Hindu temple in Kerala, India

Panakkattodil Devi Temple (പനയ്ക്കറ്റോടില്‍ ദേവീ ക്ഷേത്രം) is a Hindu temple in Chavara Thekkumbhagom village in Kollam district of the Indian state of Kerala. Primary deity of this temple is Durga. The temple is managed by the Travancore Devaswom Board, Kerala. The Thalappoli in 'Meda Bharani' and the annual festival during the months of April and May are popular.

==History==
Panakkattodil devi temple is an ancient and famous Hindu devi temple in South Kerala, located in Chavara Thekkumbhagom in Kollam District. There is no historical evidence available for the origin of this temple. But believe it as 1000 years old. Once a rover Brahmin youngster reached at Chavara Thekkumbhagom. He met a skilled carpenter called 'Koyippurathu Nambeesan Aasari'. They planned to build a temple in Chavara Thekkumbhagom. Nambeesan Aasari built base structure of the temple, then the Brahmin youngster evoke 'Bhadrakali' to this temple and adored. After that various parts of the temples had built and numerous devotees reach to the temple. Temple built in Valayaappallil Family' property. According to some records, temple build under the supervision of 'Manjippuzha Thamburan'. In 1946 (Malayalam Era or Kollavarsham 1121) temple undertaken by Travancore Government.

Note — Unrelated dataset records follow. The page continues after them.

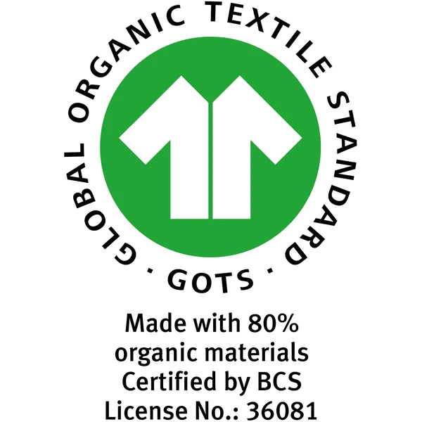 - Materiaal bovenzijde: Terry Dot 80 % biologisch katoen GOTS, 20 % polyester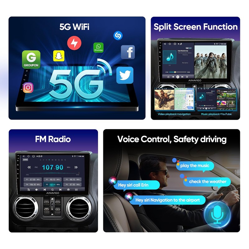 - 【Wired/Wireless CarPlay & Android Auto】:This jeep jk radio is equipped with the latest technology of wired/wireles CarPlay and Android Auto, allowing you to seamlessly integrate your smartphone apps into your car's infotainment system.You can easily wake up Siri or Assistant to operate apps and perform various tasks, such as making calls, sending messages, finding directions, and controlling music playback. Enjoy a hands-free and safer driving experience.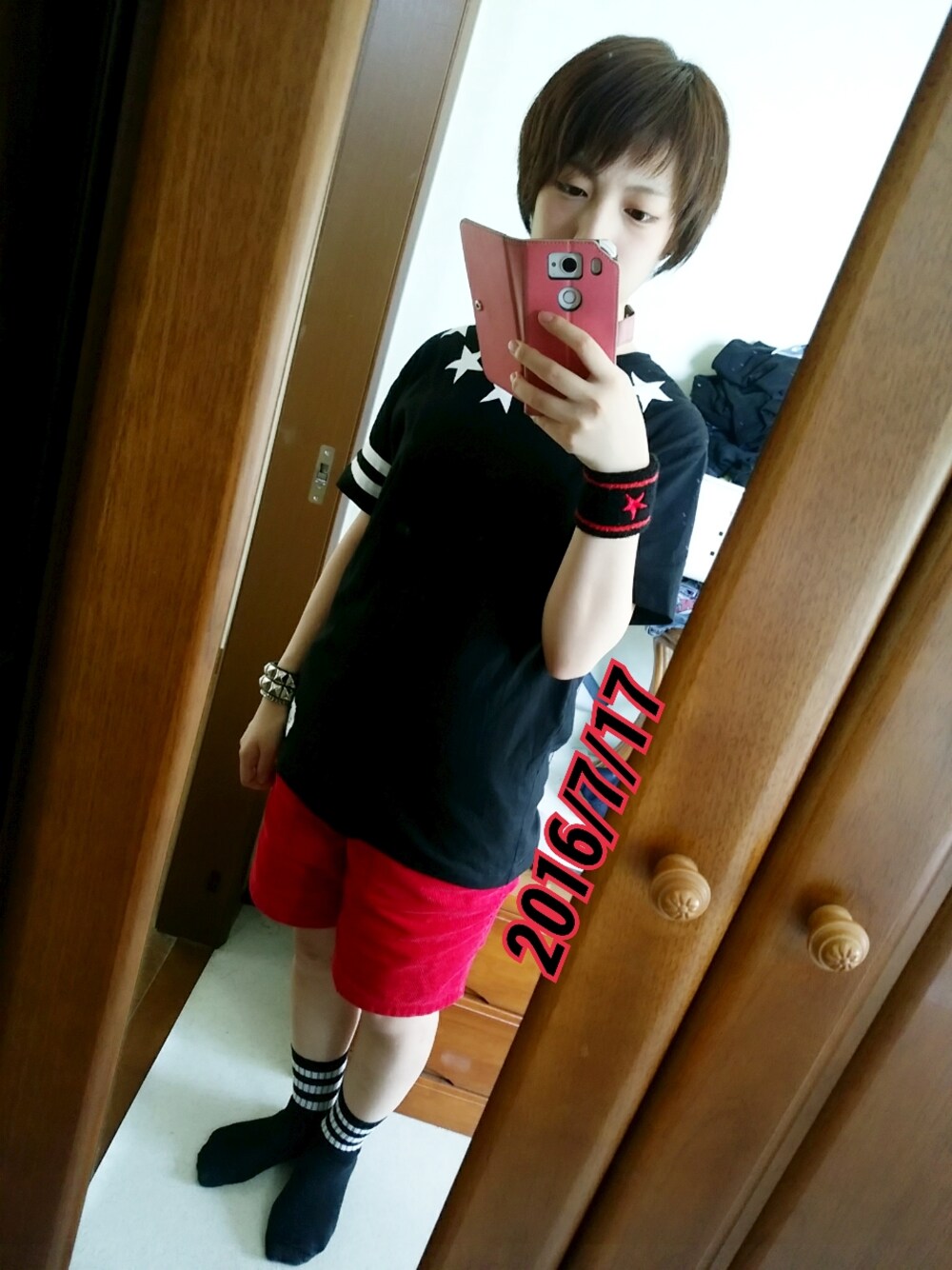 安定の黒Tシャツに赤ハーフパンツ 黒と赤の組み合わせ好きだし リストバンドも同じ配色なので 統一感が出ると信じてる。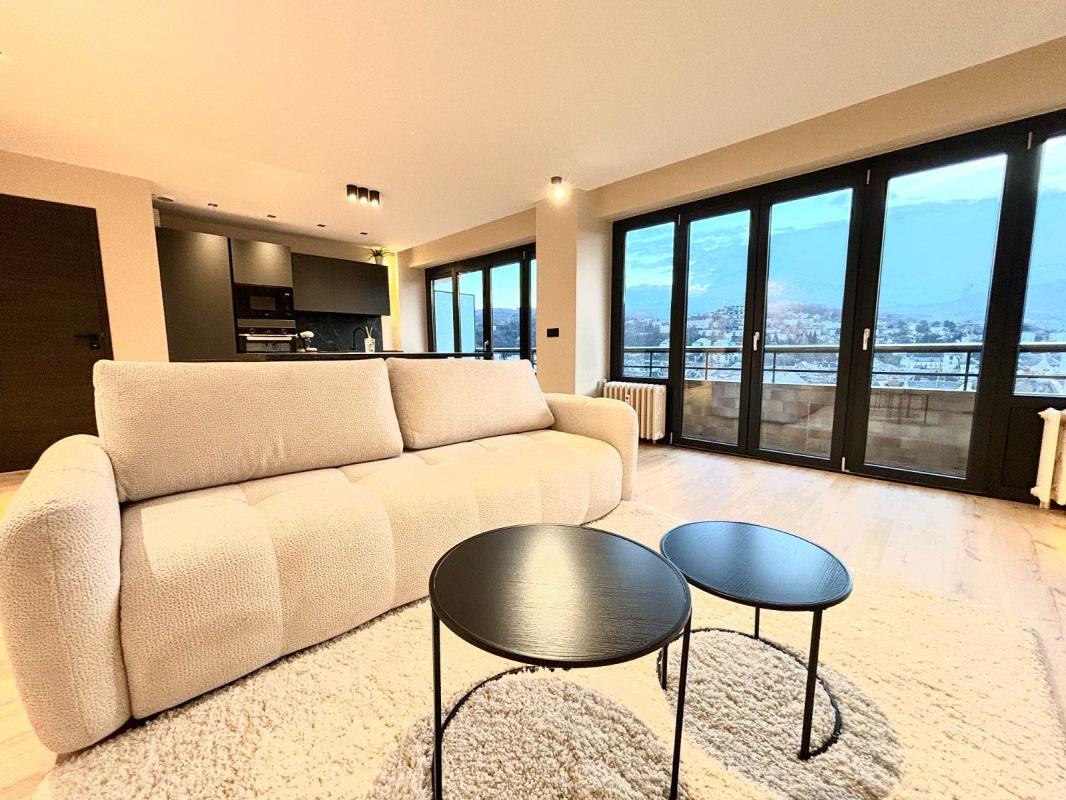 Au coeur de la cité des ducs de Savoie, proche de toutes les commodités, découvrez un magnifique appartement de type 3, entièrement rénové avec gout et une bonne qualité des matériaux utilisés. Ce bien, rare à la vente, en étage élevé, offre une vue exceptionnelle sur l'ensemble du centre ville de Chambéry et les montagnes environnantes. L'appartement, disposant d'une climatisation, est composé d'un couloir d'entrée moderne et accueillant, d'une cuisine, équipée des dernières technologies, ouverte sur un lumineux séjour à la décoration élégante et contemporaine donnant accès à un grand balcon, de deux chambres qui disposent également d'un accès à un second balcon, d'une salle de douche au design parfait, d'un wc ainsi qu'un cellier. Une cave complète ce bien. Possibilité d'acquérir une place de parking au sein de la copropriété en supplément. Une opportunité rare à Chambéry à ne pas manquer. Contact: 06.35.35.06.37 / immobilier.73007@73007.notaires.fr Les informations sur les risques auxquels ce bien est exposé sont disponibles sur le site Géorisques : www. georisques. gouv. fr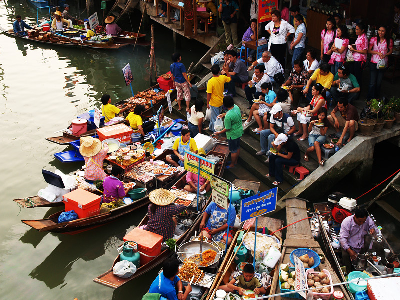 市集周五六日最為熱鬧,商家點起魚鱗般燈火,水上岸上行人摩肩擦踵。五金雜貨、水果花卉園林、農作產品等等;買賣么喝如火幟進行,小吃甜點海南雞米粉湯哩哩辣辣;這就是泰國最傳統的黃昏水上夜市序幕。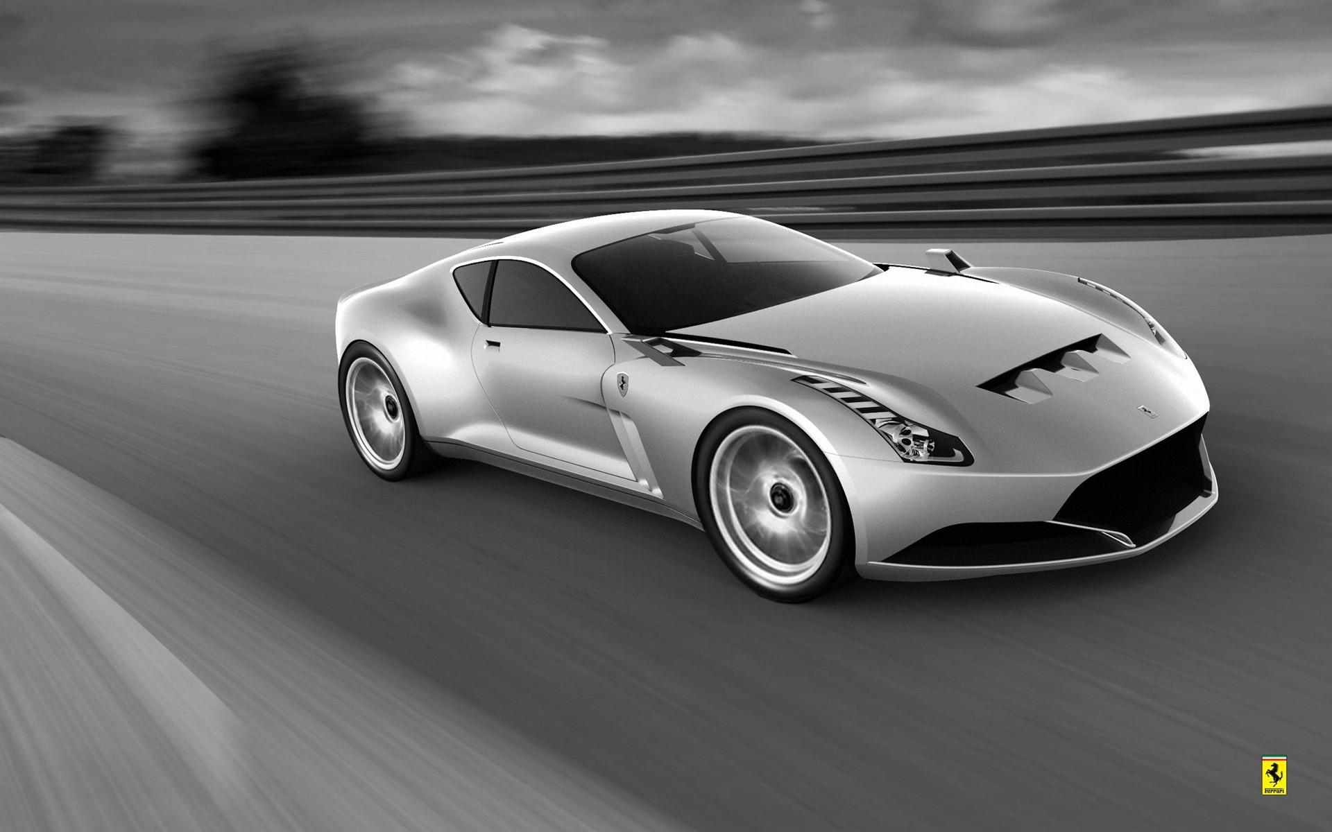 A low-slung car in gray tones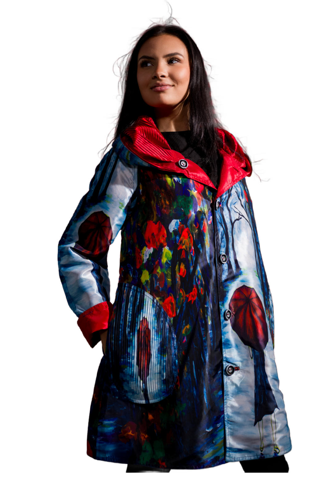 Make a statement with this art-inspired women's raincoat, featuring a stunning, painterly design that brings a unique and vibrant touch to any rainy day. Crafted with a water-resistant, lightweight fabric, this colorful coat ensures both style and practicality. The bold artistic print, depicting a serene rainy-day scene with vivid reds and deep blues, transforms outerwear into an expressive fashion piece. Designed for comfort and versatility, this coat includes a stylish oversized hood with a contrasting red lining, adjustable cuffs, and large functional pockets for added convenience. The button-down front closure provides ease of wear, while the flattering A-line silhouette allows for effortless layering over different outfits. Whether strolling through the city or exploring the outdoors, this raincoat is a perfect blend of fashion and function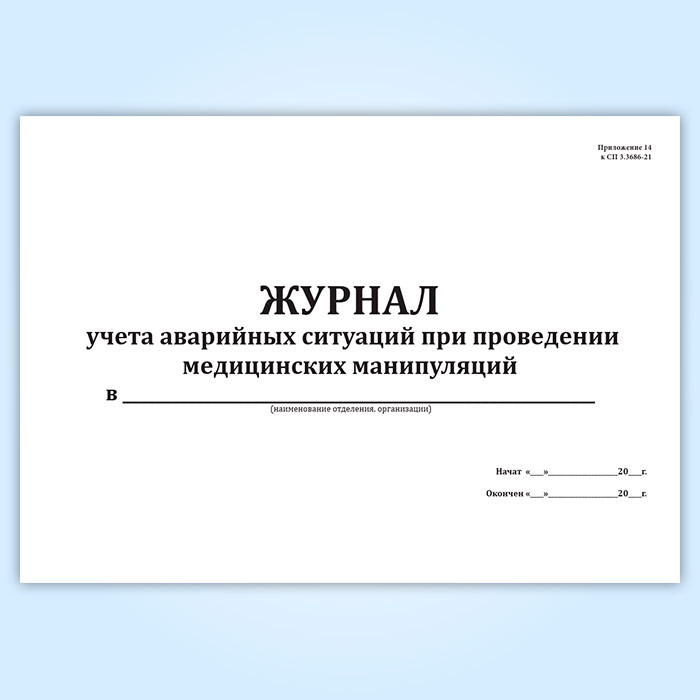 Журнал учета аварийных ситуаций при проведении медицинских манипуляций (СанПиН 3.3686-21) в Хотьково купить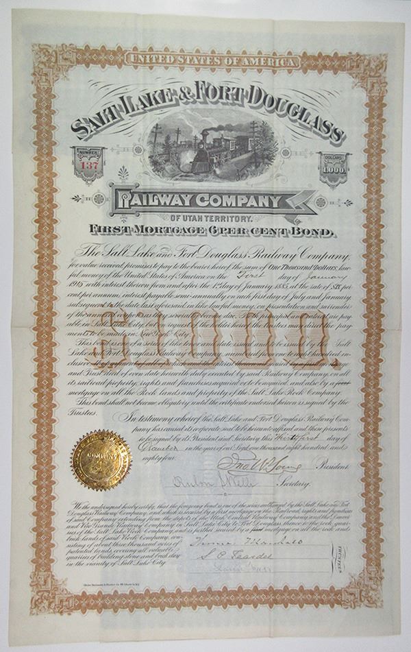 Utah Territory, December 31, 1884, $1000, I/U, 1st Mortgage 6% Bond, Black with brown border and underprint, Locomotive passes telegraph poles with small train in background, XF condition, coupons attached. Salt Lake & Fort Douglass Railway Company bond signed by John W.Young as president, Rulon S.Wells as Secretary and included his brother Brigham Young Jr. and other Mormon leaders as shareholders. John Young was born in Nauvoo, Illinois to Latter Day Saint apostle Brigham Young and Mary Ann Angell. As a young boy, John traveled with the Mormon pioneers from Illinois to Utah Territory. He was ordained an apostle by his father in 1855, when he was eleven. He was called as First Counselor to his father in October, 1876 until the First Presidency was dissolved by Brigham Young's death less than a year later in 1877. Young practiced polygamy and had 4 wives. He was arrested in Denver from a complaint of his 3rd wife from Philadelphia when he took a 4th wife in 1878. Young's business practices and practice of living in New York City soon brought him into conflict with other church authorities. In 1888, Joseph F. Smith accused Young of unethically using church funds to maintain a lavish lifestyle. He resigned from the position of counselor to the Quorum of the Twelve Apostles in 1891. Rulon S. Wells was a Utah politician and was a general authority of The Church of Jesus Christ of Latter-day Saints. Rare and historic early Mormon railroad signed by son of Brigham Young.

==Location and transport==
Panakkattodil Devi temple is located with the geographic coordinates of at an altitude of about 37.75 m above the mean sea level.

=== Air ===
Trivandrum International airport (92 km) is the nearest airport.

=== Rail ===
Nearest and main railway station is Kollam railway station (18 km). Kollam railway station is well-connected by regular trains with Thiruvananthapuram and some major places in India. Another nearby station is Karunagappally railway station (21 km).

=== Roads ===
Chavara Thekkumbhagom is well connected to other parts of Kerala through roads.
The main roads in the Panchayath meet National Highway 66 at Vettuthara Jn. in Neendakara Panchayath, Kuttivattom Junction in Karunagappally Municipality, Kottamkulangara Junction in Chavara Panchayath. There is a KSRTC bus station in the temple complex. Buses ply from the nearest bus depot in Kollam (15 km) and Karunagappally (19 km). Transport is provided by the Kerala State Road Transport Corporation and private transport bus operators from Thekkumbhagom to Karunagappally via Pavumba bridge and Karunagappally to Kollam via Thekkumbhagom and Pallikkodi-Dalavapuram bridge (Inaugurated in 2007). The first trip starts at 5.00 AM to Kayamkulam and the last trip at 9.50 PM from Karunagappally to Thekkumbhagom. Road transport is also supported by private taxis and autorickshaws.

===Water===
The State water Transport Department operates boat services from Kollam to West Kallada, Muthirapparambu, Munroe Island and Alappuzha. The main boat jetty near the temple is Pallikkodi.